中空玻璃微珠增强酚醛泡沫的压缩性能及热稳定性

为了改善酚醛泡沫（PF）的力学性能，通过模压成型制备了中空玻璃微珠（HGB）增强的PF复合材料，采用力学性能测试、热重分析和燃烧试验研究了HGB用量对复合材料压缩性能和热性能的影响，并对其增强机制进行了分析。结果表明：当HGB质量分数为树脂的10%时，增强PF的压缩比强度和压缩比模量达到最大值；经过硅烷偶联剂表面处理的HGB增强PF的压缩比强度和压缩比模量提高幅度较大。热重分析和垂直燃烧试验表明：HGB的加入降低了PF的热降解速率，使其热稳定性有所提高，阻燃性能略有下降。SEM、FTIR和EDS分析表明：HGB增强PF的破坏方式为泡孔受挤压破碎，并最终导致HGB脱粘或刚性破碎。HGB增强PF的泡孔密度增加、泡孔直径变小，HGB表面与树脂基体间界面粘结状况良好，在树脂基体中均匀分散。

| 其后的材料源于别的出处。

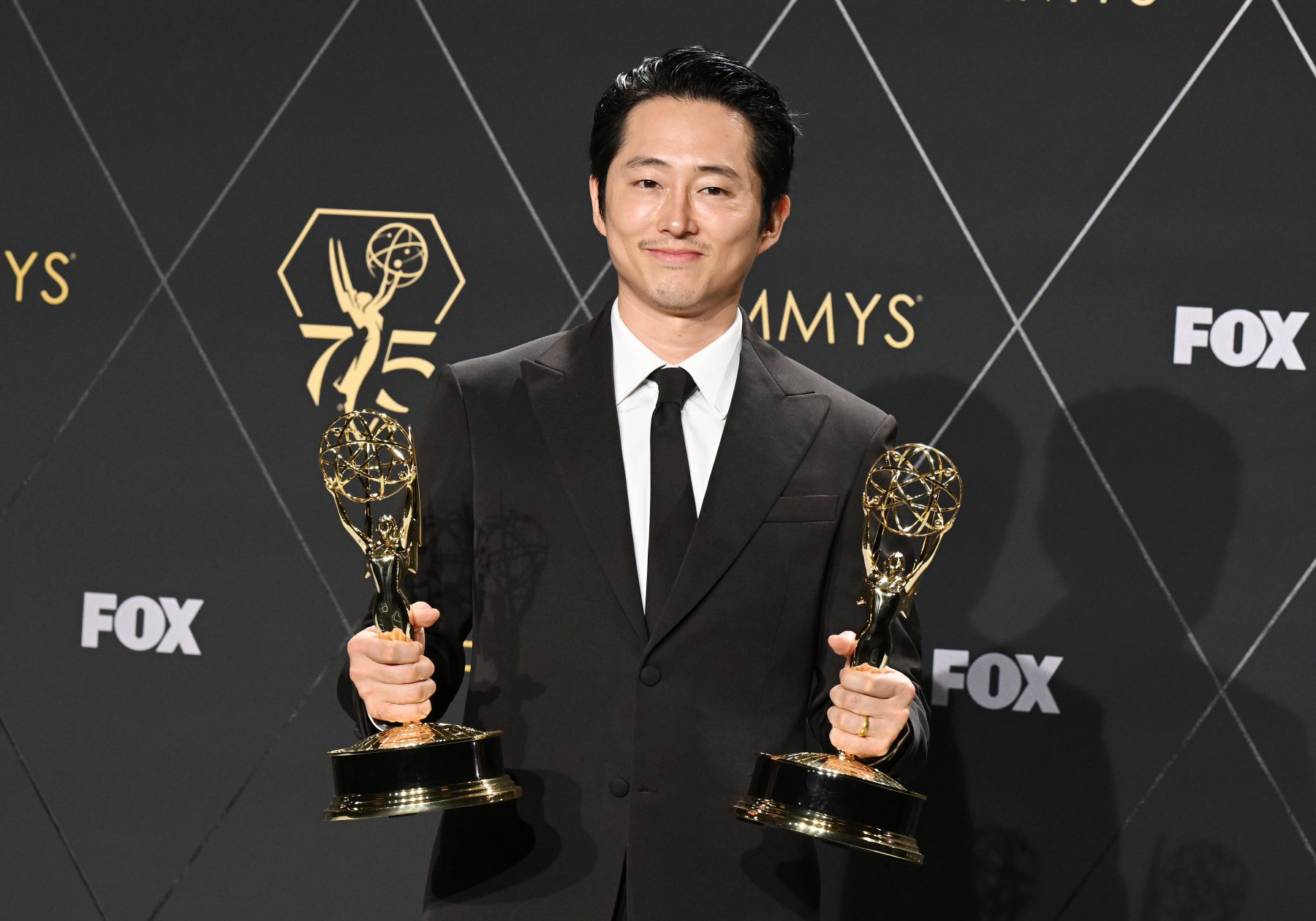 Steven Yeun, winner of Outstanding Lead Actor In A Limited Or Anthology Series Or Movie and Outstanding Limited Or Anthology Series for "Beef," poses in the press room at the 75th Primetime Emmy Awards held at the Peacock Theater on January 15, 2024 in Los Angeles, California. (Photo by Gilbert Flores/Variety via Getty Images)

Compressive property and thermal stability of hollow glass bead reinforced phenolic foams

In order to improve the mechanical properties of phenolic foam(PF), phenolic foam composites reinforced by hollow glass beads (HGB) were prepared by compression molding. The compressive property and thermal stability of the composites were evaluated by mechanics performance test, TG analysis and vertical burning method, and the strengthen mechanism were also analyzed. The results show that when the mass ratio of HGB to PF reaches 10%, both of the compressive strength and compressive modulus of PF/HGB reach the maximum value. Pretreated with silicane coupling agent, the compressive strength and compressive modulus of hollow glass beads reinforced phenolic foams improve substantially. TG analysis and vertical burning method show that HGB as filler reduces thermal degradation rate of foam, leading to slightly higher thermal stability but slightly lower flame resistance. Analyses by SEM, FTIR and EDS reveal that the breakage behavior of PF/HGB is breakage of the cells, which leads to the HGB debond or rigid fracture. The froth density of PF/HGB increases, frothy diameter decreases, the interfacial adhesion between the surface of hollow glass bead and PF matrix is good, and hollow glass beads disperse homogeneously in PF matrix.